If you’ve not looked at it, I encourage you to. While the syntax is a little terse, it’s incredibly expressive. The example above can be transformed to this:

 1
 2
 3
 4
 5
 6
 7
 8
 9
10
11
12
13
14
15
16
17
18
19
20
21
22
23
24
25
26
27
28
29


[
  [
    {
      "id": 1,
      "v": {
        "Title": "An issue",
        "Date": "2021-08-03"
      }
    }
  ],
  [
    {
      "id": 2,
      "v": {
        "Title": "A second issue",
        "Date": "2021-08-13"
      }
    }
  ],
  [
    {
      "id": 3,
      "v": {
        "Title": "A third issue",
        "Date": "2021-08-23"
      }
    }
  ]
]

With a one line expression:

Issues.[{"id":$.ID,"v":Values{Key:Value}}]

Better still, there is an online environment (ala regex101) that permits rapid experimentation to find the transform that works.

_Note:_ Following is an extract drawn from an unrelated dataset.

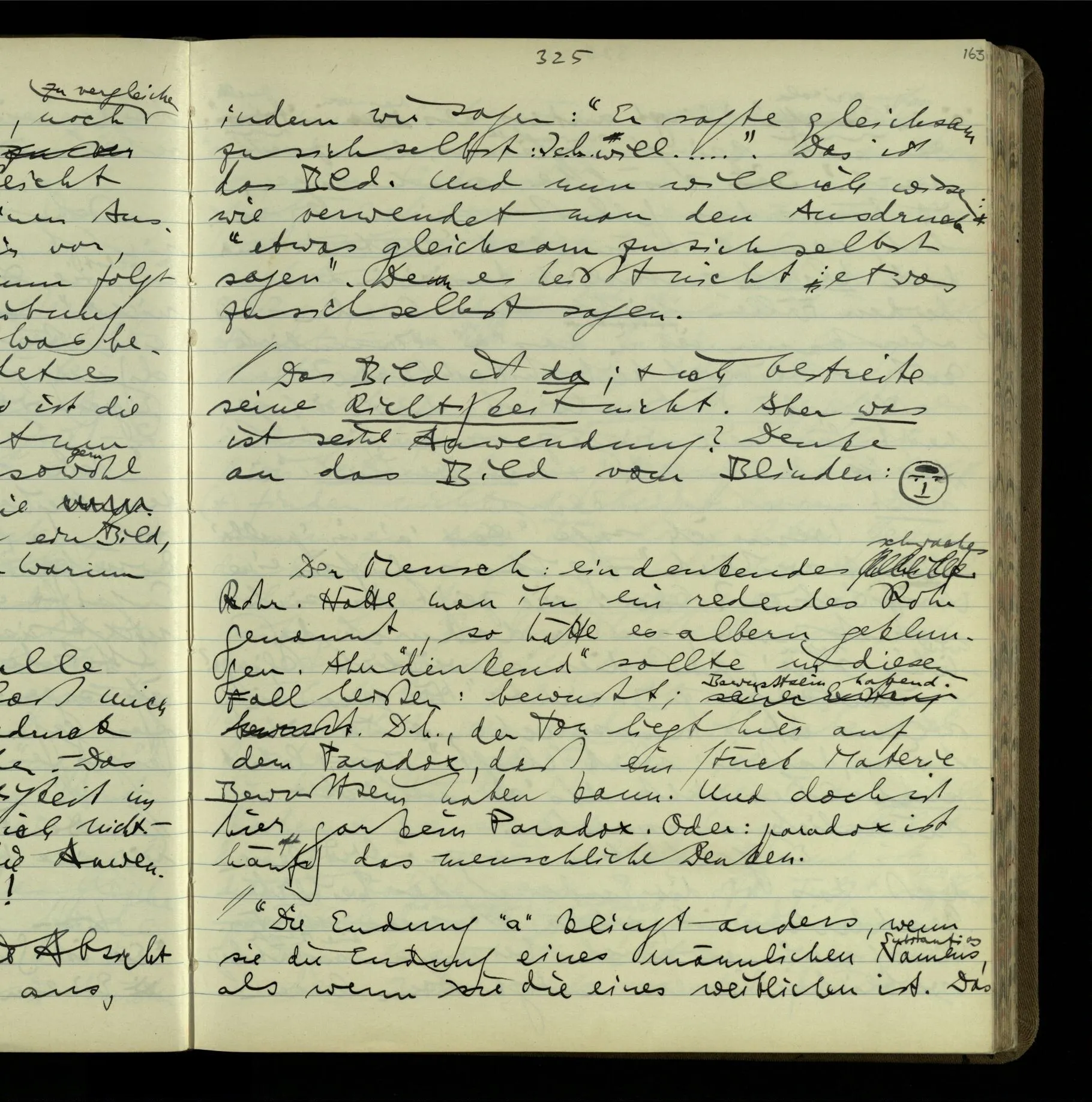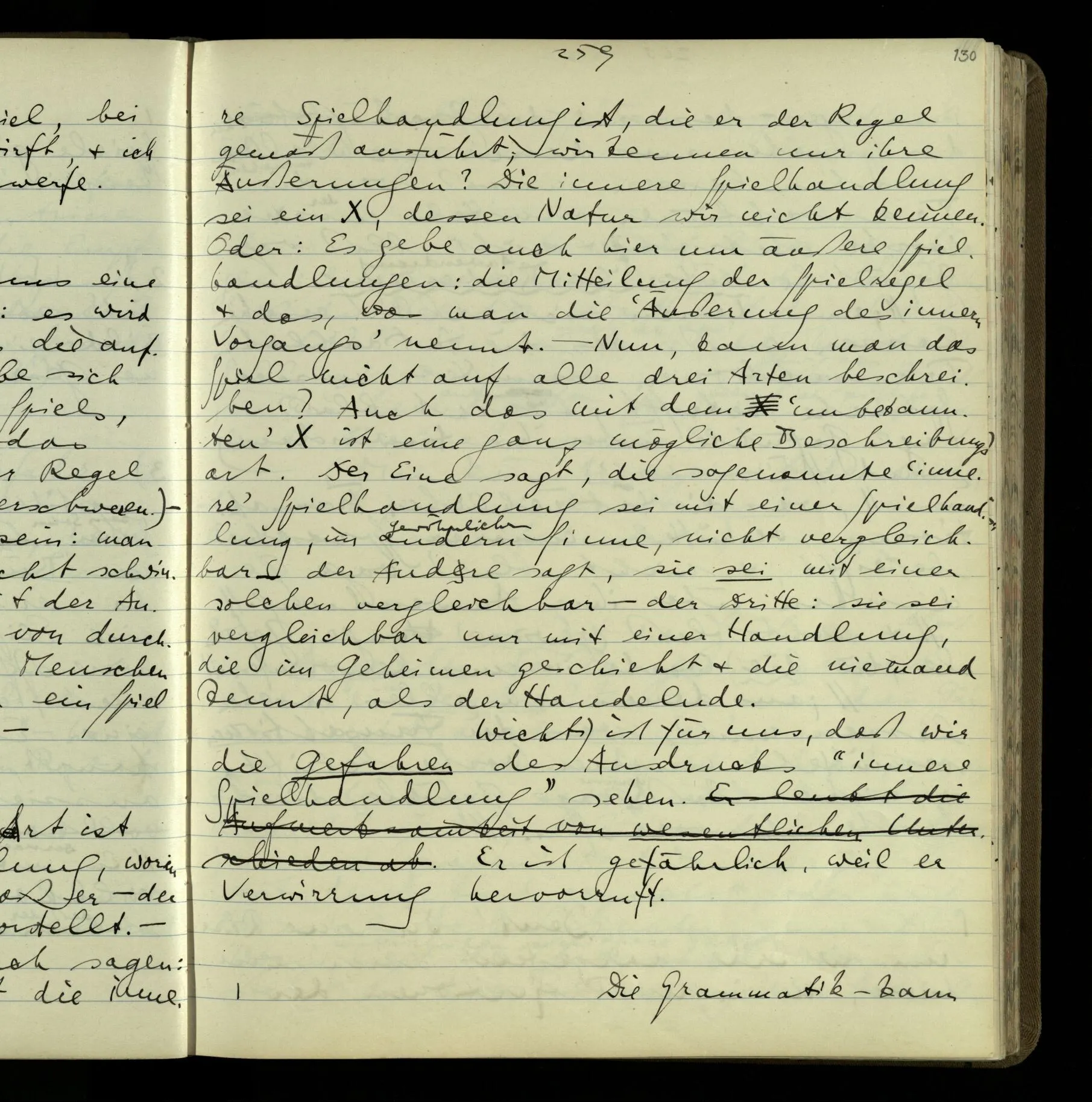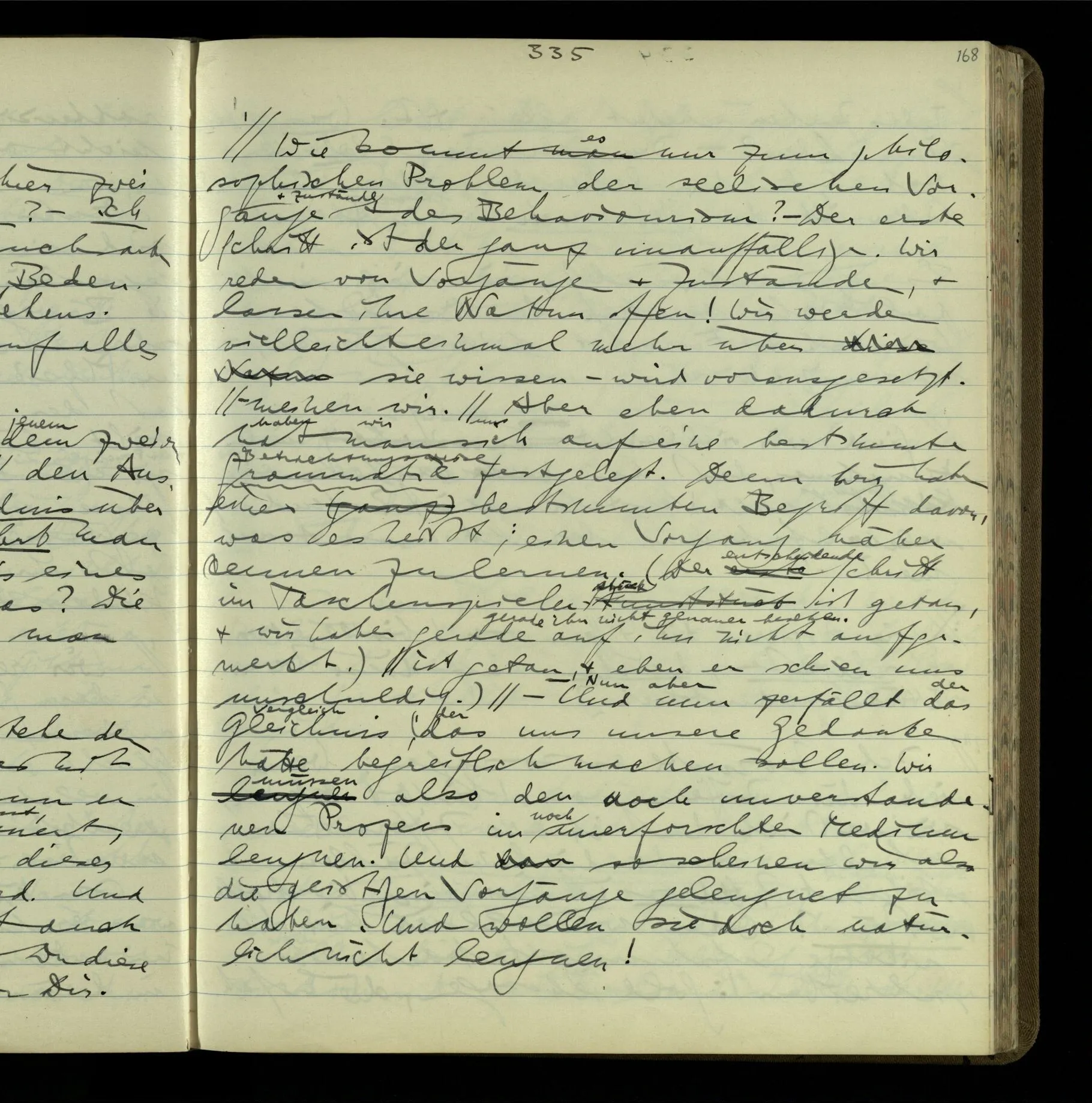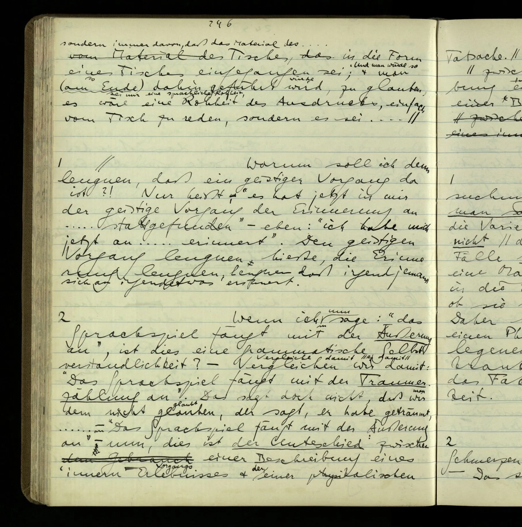 Wie kommt es nur zum philosophischen Problem der seelischen Vorgänge & Zustände & des Behaviourism? – Der erste Schritt ist der ganz unauffällige. Wir reden von Vorgängen & Zuständen, & lassen ihre Natur offen! Wir werden vielleicht einmal mehr über sie wissen – wird vorausgesetzt. Aber eben dadurch hat man sich auf eine bestimmte Grammatik festgelegt. Denn wir haben einen bestimmten Begriff davon, was es heißt, einen Vorgang näher kennen zu lernen. (Der entscheidende Schritt im Taschenspielerstück ist getan, & wir haben gerade auf ihn nicht aufgemerkt.) – Und nun zerfällt das Gleichnis, das uns unsere Gedanken hätte begreiflich machen sollen. Wir müssen also den noch unverstandenen Prozeß im noch unerforschten Medium leugnen. Und so scheinen wir also die geistigen Vorgänge geleugnet zu haben. Und wollen sie doch natürlich nicht leugnen!

The only remaining question is how to integrate Jasnator into Data Factory? Jasnator is a Javascript library, so the natural solution is to host in Node, packaged as an Azure Function. Here’s an example in Typescript:

 1
 2
 3
 4
 5
 6
 7
 8
 9
10
11
12
13
14
15
16
17
18
19
20
21
22
23
24
25
26
27
28
29
30
31
32
33
34
35
36
37


import { AzureFunction, Context, HttpRequest } from "@azure/functions"
import * as jsonata from "jsonata"

const convertJSON: AzureFunction = async function (context: Context, req: HttpRequest): Promise<void> {
    const transformExpression:string = req.body && req.body.transform;
    const inputBlobName:string = req.body && req.body.blobName;
    let responseMessage = ""
    let responseCode = 200
    try{
        if(req.method !== "POST"){
            throw new Error("Expect JSON passed on the POST method")
        }
        if(inputBlobName === undefined || inputBlobName.length < 1){
            throw new Error("No input blob name found")
        }
        if(transformExpression === undefined || transformExpression.length < 1){
            throw new Error("No transformation expression found")
        }
        const expression = jsonata(transformExpression);
        const result = expression.evaluate(context.bindings.inputBlob);
        context.bindings.outputBlob = result 
        context.log('Processed a request.');
        responseMessage = "Wrote to output blob: "+inputBlobName;
    
    } catch (e){
        responseMessage = e.toString()
        context.log('Failed a request: '+responseMessage);
        responseCode = 500
    }
    context.res = {
        status: responseCode,
        body: responseMessage
    };

};

export default convertJSON;

The function has input/output bindings of HTTP and BlobStorage. Pass the name of the blob and the transform to execute as a JSON POST payload to execute the transform.

1
2
3
4


{ 
    "blobName": "Example.json",
    "transform":"Issues.[{'id':$.Id,'v':Values{Key:Value}}]"
} 

The transformed file is written to output bound Blob Storage from where it can be picked up for onward processing within Data Factory.

I found this approach to be very usable and quick to iterate. I hope you find it useful.